- [Provided information]:
—————
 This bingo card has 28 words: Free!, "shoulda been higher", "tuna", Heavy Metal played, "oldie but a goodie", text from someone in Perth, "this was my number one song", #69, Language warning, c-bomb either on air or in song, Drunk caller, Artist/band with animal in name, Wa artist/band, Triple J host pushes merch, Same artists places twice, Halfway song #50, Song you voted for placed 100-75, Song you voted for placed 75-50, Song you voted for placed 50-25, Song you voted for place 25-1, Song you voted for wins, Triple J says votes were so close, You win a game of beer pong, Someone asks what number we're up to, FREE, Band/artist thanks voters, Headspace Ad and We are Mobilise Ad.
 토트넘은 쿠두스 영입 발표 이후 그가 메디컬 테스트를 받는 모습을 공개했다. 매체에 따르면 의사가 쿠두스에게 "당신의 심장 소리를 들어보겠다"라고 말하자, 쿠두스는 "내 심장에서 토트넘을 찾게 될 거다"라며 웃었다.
—————
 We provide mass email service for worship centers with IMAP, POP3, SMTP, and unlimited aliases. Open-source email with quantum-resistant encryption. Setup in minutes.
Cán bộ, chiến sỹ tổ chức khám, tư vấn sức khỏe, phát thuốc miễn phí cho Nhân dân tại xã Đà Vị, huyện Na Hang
—————
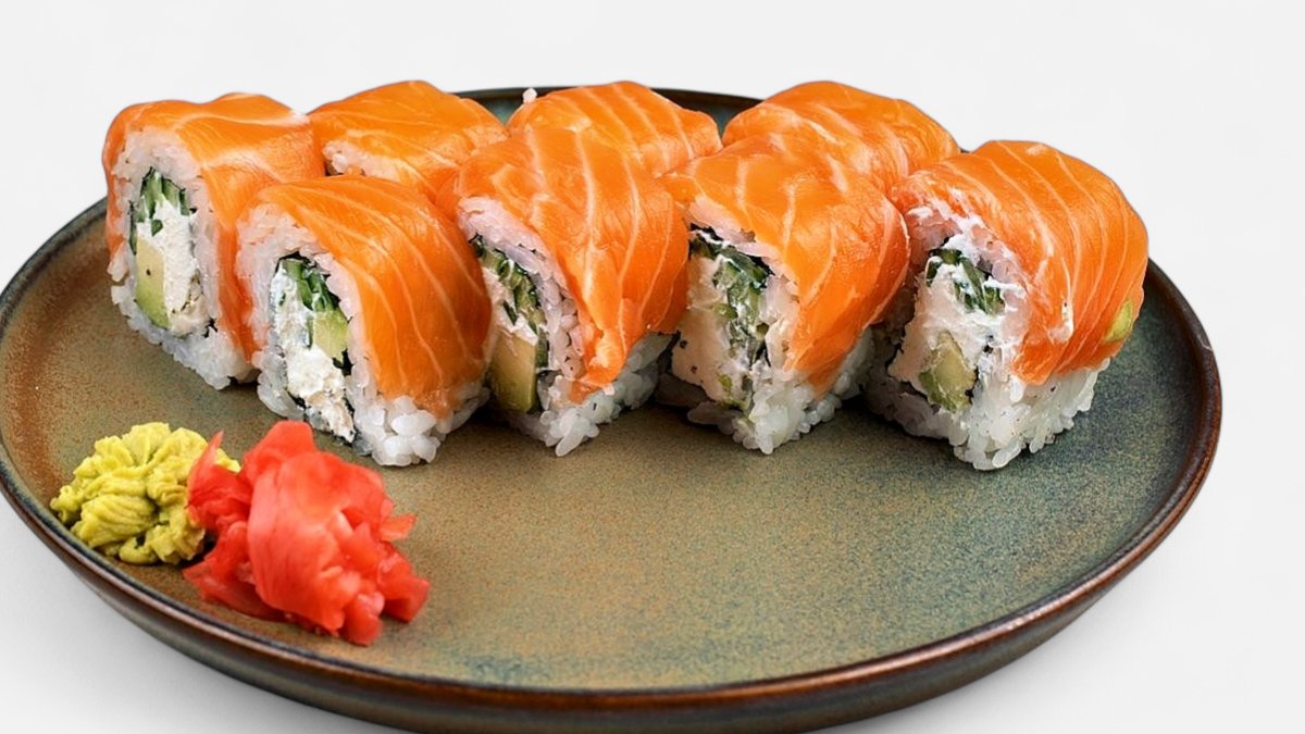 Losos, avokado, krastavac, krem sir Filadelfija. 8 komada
—————
- [Task]: What are the lines above, starting at the one with "This bingo card" and ending at the one with "토트넘은 쿠두스 영입"? Give them again exactly, and only them.

- [Result]:
 This bingo card has 28 words: Free!, "shoulda been higher", "tuna", Heavy Metal played, "oldie but a goodie", text from someone in Perth, "this was my number one song", #69, Language warning, c-bomb either on air or in song, Drunk caller, Artist/band with animal in name, Wa artist/band, Triple J host pushes merch, Same artists places twice, Halfway song #50, Song you voted for placed 100-75, Song you voted for placed 75-50, Song you voted for placed 50-25, Song you voted for place 25-1, Song you voted for wins, Triple J says votes were so close, You win a game of beer pong, Someone asks what number we're up to, FREE, Band/artist thanks voters, Headspace Ad and We are Mobilise Ad.
 토트넘은 쿠두스 영입 발표 이후 그가 메디컬 테스트를 받는 모습을 공개했다. 매체에 따르면 의사가 쿠두스에게 "당신의 심장 소리를 들어보겠다"라고 말하자, 쿠두스는 "내 심장에서 토트넘을 찾게 될 거다"라며 웃었다.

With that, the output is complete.